A chronicle of 100 word stories and diary entries. Contact me at kategg26@gmail.com if you have any questions!
Monday, December 28, 2015
Christmas Tree
Santa Claus brings our tree, fully decorated, sometime during the night on Christmas Eve. The next morning, the five of us descend the stairs together, making sure we all witness the tree’s glory at the same moment. But at four years old, I didn’t feel like respecting this tradition. I burst from Daddy’s arms, raced down the stairs, through the dining room and the kitchen until I hit the back glass door. The excitement had distracted me from turning into the living room where the tree shined bright. Instead of rerouting to the living room, I slinked back upstairs, guilty.
Monday, December 21, 2015
CVS
The Chester CVS is our go-to place for Rutter’s dark chocolate bars, batteries and peanut butter crackers. Tonight, Libby needs shampoo for her biweekly bathings. Usually I go in with her, our arms locked like good sissybelles, but tonight she goes alone. From the car, we watch her half trotting, half skipping to the automatic doors. As she draws closer, her strides get shorter and, in a less-than-graceful movement, she throws her body at the glass doors with a flying kick. They open. She repeats the attack on her way out, this time while greedily clutching at her new possessions.
Friday, December 18, 2015
L.L. Bean Classic
It’s a faded red sweater, with discreet white snowflakes. Not too showy, just subtly Christmassy. An L.L Bean classic. In essence, perfect for a middle-aged school-teaching woman. Yet something about it grates on most everyone. It’s not the person inside of it. It’s not the knowledge that it has mucked out one too many cow stalls. It’s not the quality, brand, or color. This sweater is offensive purely for its persistence; it’s worn beyond the Christmas season. Beyond winter and into spring. It’s tied around her waist as the early summer sun beats down. And no one knows why.

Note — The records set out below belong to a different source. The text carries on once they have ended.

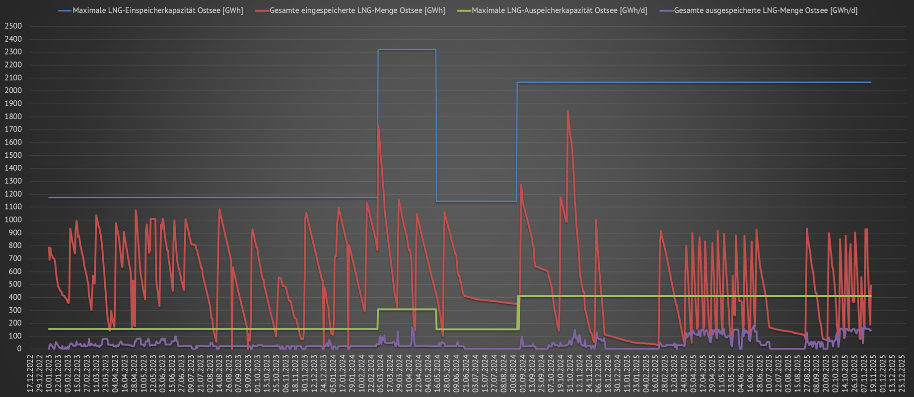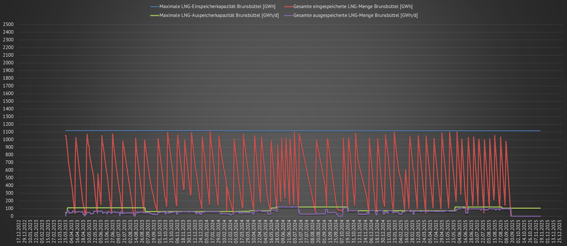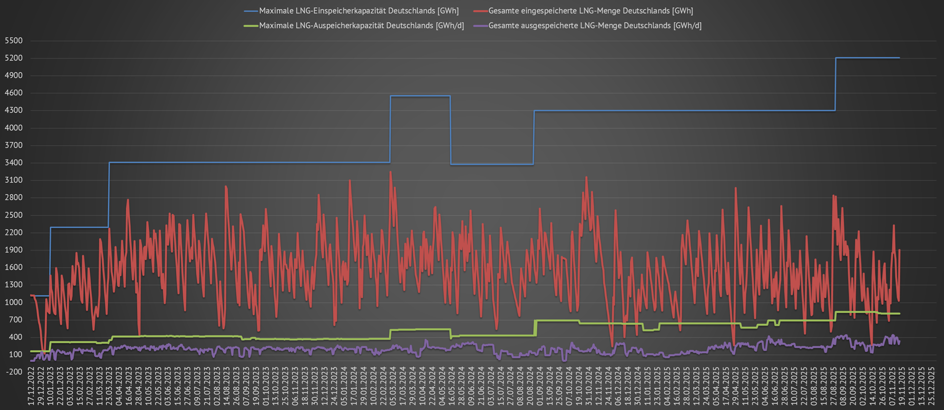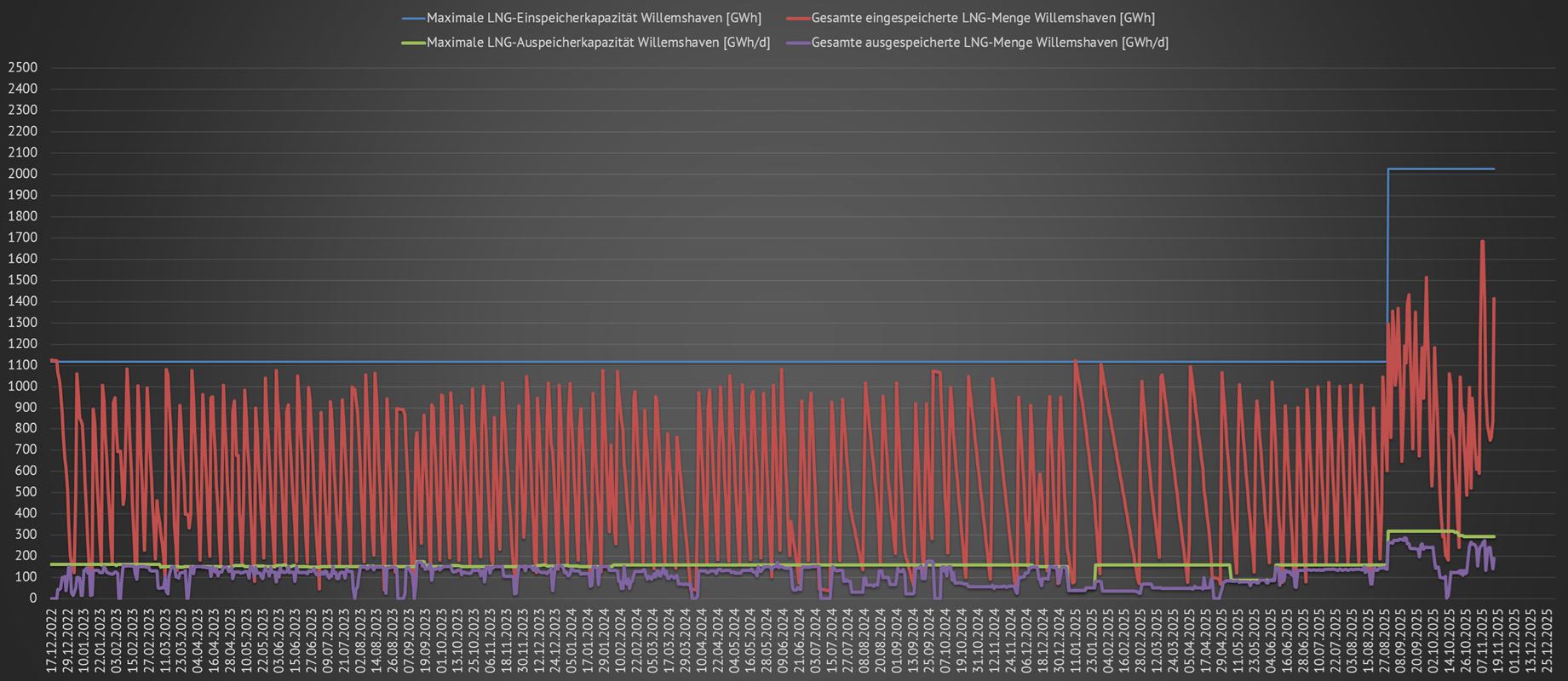 | Dargestellt sind die täglichen LNG-Importmengen Deutschlands in Gigawattstunden pro Tag. | |||||||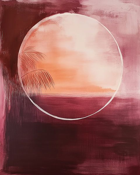 This artwork exudes a tranquil, almost dreamlike atmosphere in which reality and imagination merge. At its centre is a soft, rounded shape reminiscent of a setting sun, captured within a perfect circle of light. This circle acts as a window to another world—a tropical paradise that is not literally depicted, but rather suggested through…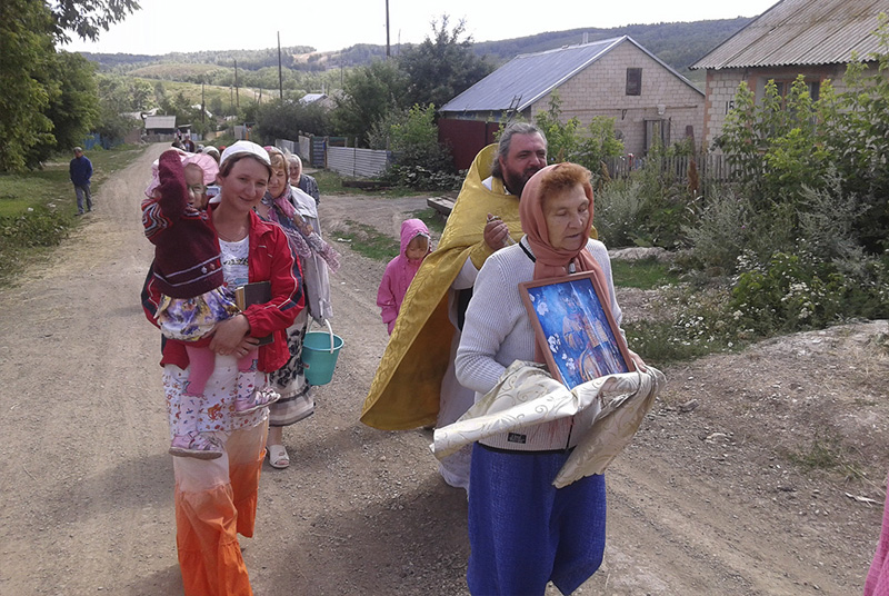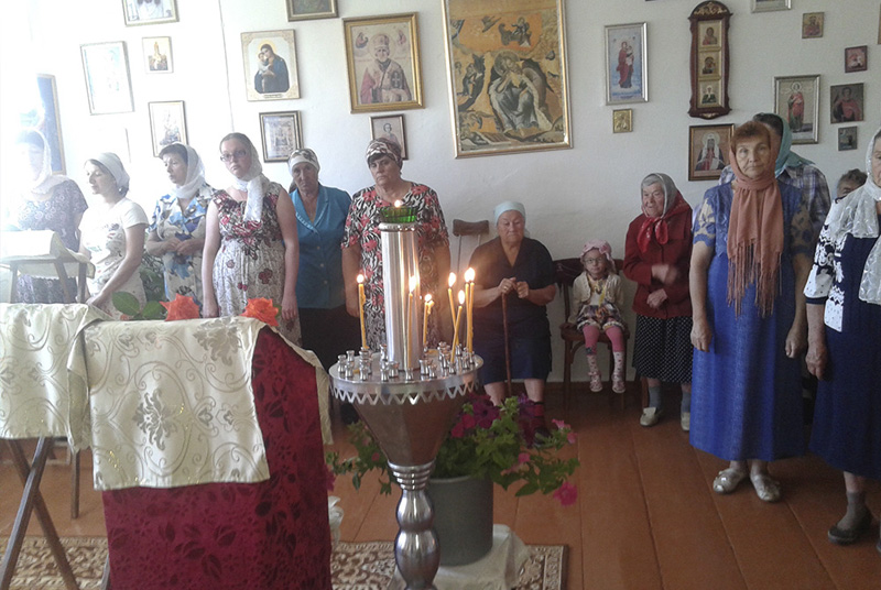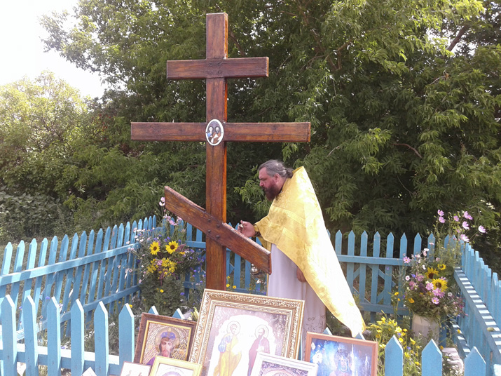 В этот день у селян престольный праздник – первоверховных апостолов Петра и Павла. Отец Антоний отслужил Божественную литургию Иоанна Златоустого. По окончании богослужения священник возглавил крестный ход по селу с пением тропаря святым первоверховным апостолам Петру и Павлу. У Креста Господня, где когда-то стояла церковь, была совершена заупокойная лития. Возвратившись в молебный дом, о. Антоний поздравил селян с престольным праздником и пожелал всем с великим благодушием переносить скорби. Апостол Павел говорил, что многими скорбями надлежит нам войти в Царство Небесное, скорбями душа очищается.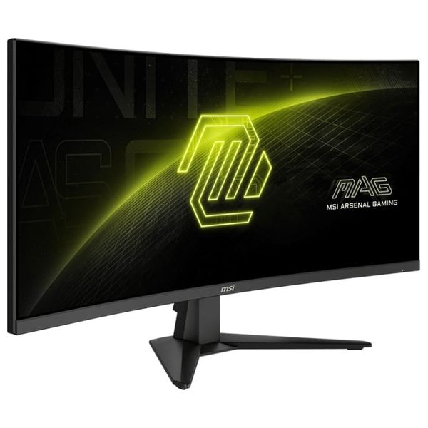 شاشة الألعاب MSI MAG 346CQ مقاس 34 بوصة – دقة UWQHD 3440×1440، معدل تحديث 180Hz، Adaptive-Sync، منافذ HDMI و DisplayPort، قابلة للتركيب على الحائط VESA، قابلية الإمالة وتعديل الارتفاع، سماعات مدمجة، زمن استجابة 1ms، أسود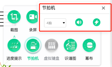 要根據曲譜的拍號選擇節拍機(節拍器)的預備拍哦~,點擊右下角的工具包中的節拍機,有1-6拍可以選擇。
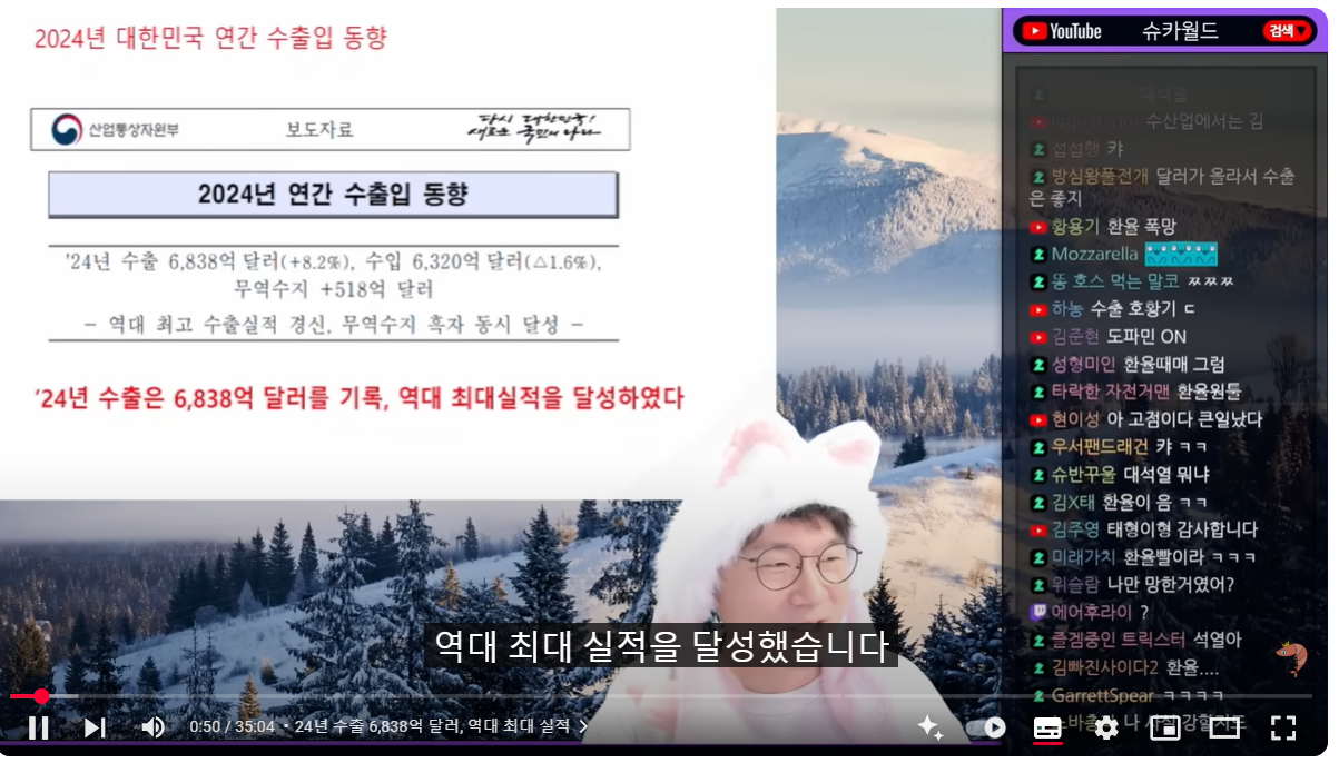 (00:08) 두 번째 주제는 대한민국 수출 얘기를 안 할 수가 없어요 그래도 경제 채널이죠 연초니까 오늘은 수출 특집, 경제 방향 특집 대한민국 경제에 대해서 두 개의 주제가 준비되어 있습니다 대한민국의 수출을 이끄는 의외의 업종 2025년을 밝게 이끌어 줄 의외의 업종 몇 개 보여드리도록 하겠습니다 이걸 보여드린 이유는 얼마 전에 2024년 대한민국 연간 수출입 동향이 발표됐습니다 확정됐어요 2024년 대한민국 수출은 어떻게 됐냐? 2024년 대한민국 수출은 6,838억 달러를 기록해서 역대 최대 실적을 달성했습니다 ㅎㅎㅎㅎ 누가 그래 우리 망한다고? 어디만 가면 망한대 망하긴 뭘 망해 역대 최대 실적이야 형 아직 안 죽었어 아빠 안 잔다 아빠 자긴 뭘 자 안 자요 안 자 역대 최대 실적을 달성했습니다 답답하네 진짜 어디 가서 자랑할 수도 없고 현재 보면 사상 최대 실적인데 얼마나 최대 실적이냐? 2억 달러 더 했어요 다행이다x2 2022년에 6,836억 달러인데 6,838억 달러 기가 막히네 마지막 2억 달러 수출하신 분 복 받으실 거예요 복 받으실 거야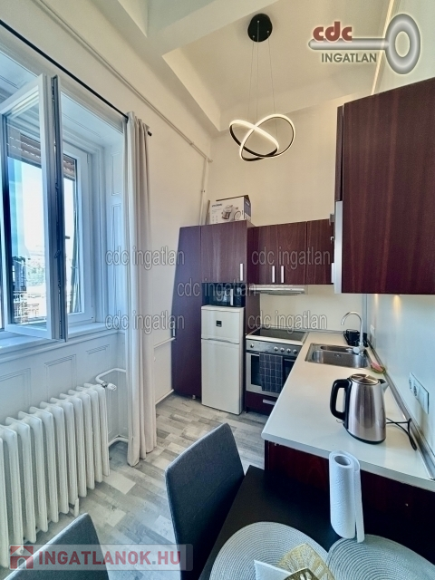 Eladó egy frekventált helyen lévő, PANORÁMÁS lakás az Astoria mellett. Az ingatlan a ház legfelső emeletén helyezkedik el, 46 m2-es, amerikai konyhás nappaliból és egy tágas hálószobából áll. A lakás klímával felszerelt. Az ingatlan néhány évvel ezelőtt lett teljesen felújítva. A vételár a bútorokat és a berendezéseket is tartalmazza.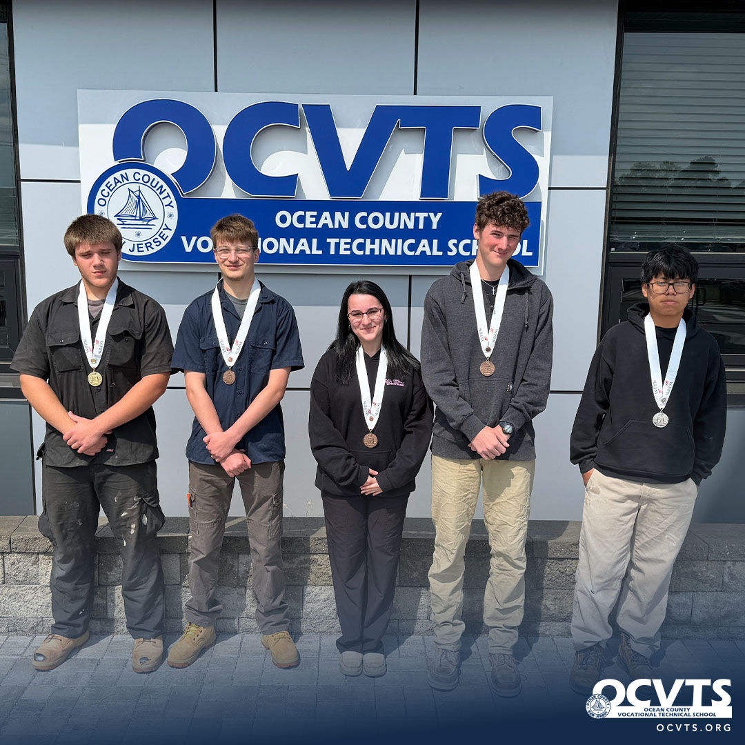 One hundred twenty-six Ocean County Vocational Technical School (OCVTS) students competed in the New Jersey SkillsUSA Championships in March and April at multiple sites across Ocean and surrounding New Jersey counties. Students earned 43 medals—17 gold, 12 silver, and 14 bronze—across more than 57 career and technical education events.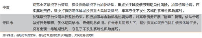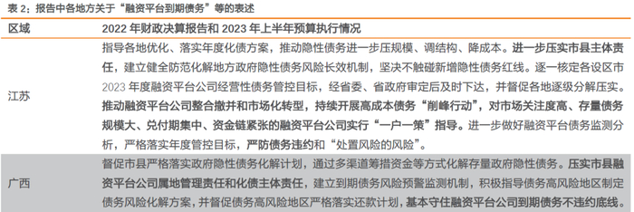 从各地方政府对于融资平台到期债务的态度来看,江苏、广西、重庆、天津等地强调压实市县融资平台公司的属地管理责任和化债主体责任,严防平台债务违约。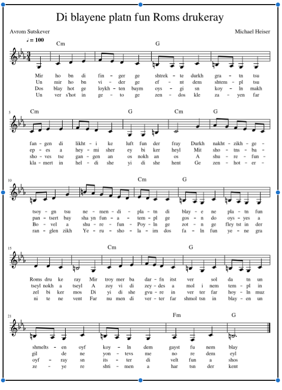 The poem was written in the Vilna Ghetto on 12th September 1943. This setting was composed in 2021 and sung at the Yiddish Open Mic Cafe Ghetto commemoration on 18 April 2021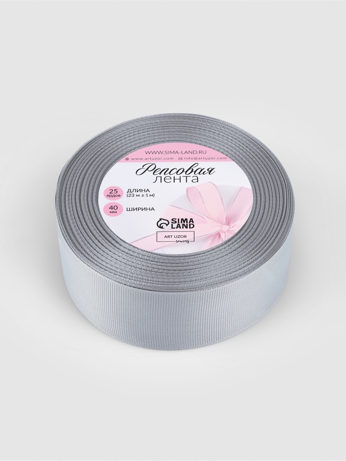 Лента репсовая, 40 мм, 23±1 м, светло-серая №3

Thursday, December 17, 2015
Albuquerque Turkey
Elementary school teachers don’t celebrate holidays right. At Thanksgiving, we sang Albuquerque Turkey, a song which told us a pet turkey was better than a dog. During that lyric, I’d close my mouth up tight. No one was about to convince me some turkey was better than my basset hound. Christmas was even worse. Mr. A dared to read The Night Before Christmas. Didn’t he understand that this story is only read on Christmas Eve? I closed my ears and pushed his words out of my brain - anything to stop the sound of Mr. A’s voice reading those sacred words.
Wednesday, December 16, 2015
Ruination
In the dark of night, a fat little groundhog emerges in the feed stall from his underground tunnels. Eyeing the wooden bins which contain an endless supply of sweet feed, he flips open the heavy lid, and, in an explicable feat of athleticism, climbs inside. Without any means of escape, he settles into the dark and gorges himself. In the morning, when unsuspecting little girls come to fetch their ponies’ feed, the fattened groundhog is discovered. But these unwanted rodent invasions ended as Roxy the Patterdale Terrier moved in and brought ruination to the groundhog population at the Essex stables.
Saturday, December 12, 2015
Grilled Cheese
Pre-basseting lunch time menus often consisted of grilled cheese and Campbell’s tomato soup - Daddy’s favorite. He made it in bulk for all of us. In the frying pan, slices of cheese were laid against the edge of each sandwich’s long edge. We called them “wings,” and we wouldn’t eat grilled cheese without them. After everything became perfectly browned, Daddy stacked the sandwiches in a towering pile. I remember it being at least two feet tall. It likely wasn’t. Either way, we’d all gather around to watch the glorious moment when Daddy sliced the whole stack diagonally in one great chop.
Friday, December 11, 2015
Lunch Ladies
Elementary schoolers settle into the lunchroom at assigned tables. Above their chatter, lunch ladies rhythmically chant their spells “...eat your lunch before you eat you snack…” Mrs. Moose is the most popular of these mechanical chanters because she holds the power to core and slice assorted fruits. But when she isn’t wielding her apple-corer, she paces the tiled floors in her white moose-embroidered apron, reciting “...eat your lunch before you eat your snack…” At random moments, she and the others silence us by clapping two slows, then three fast claps. An announcement is made before the chatter and chanting resume.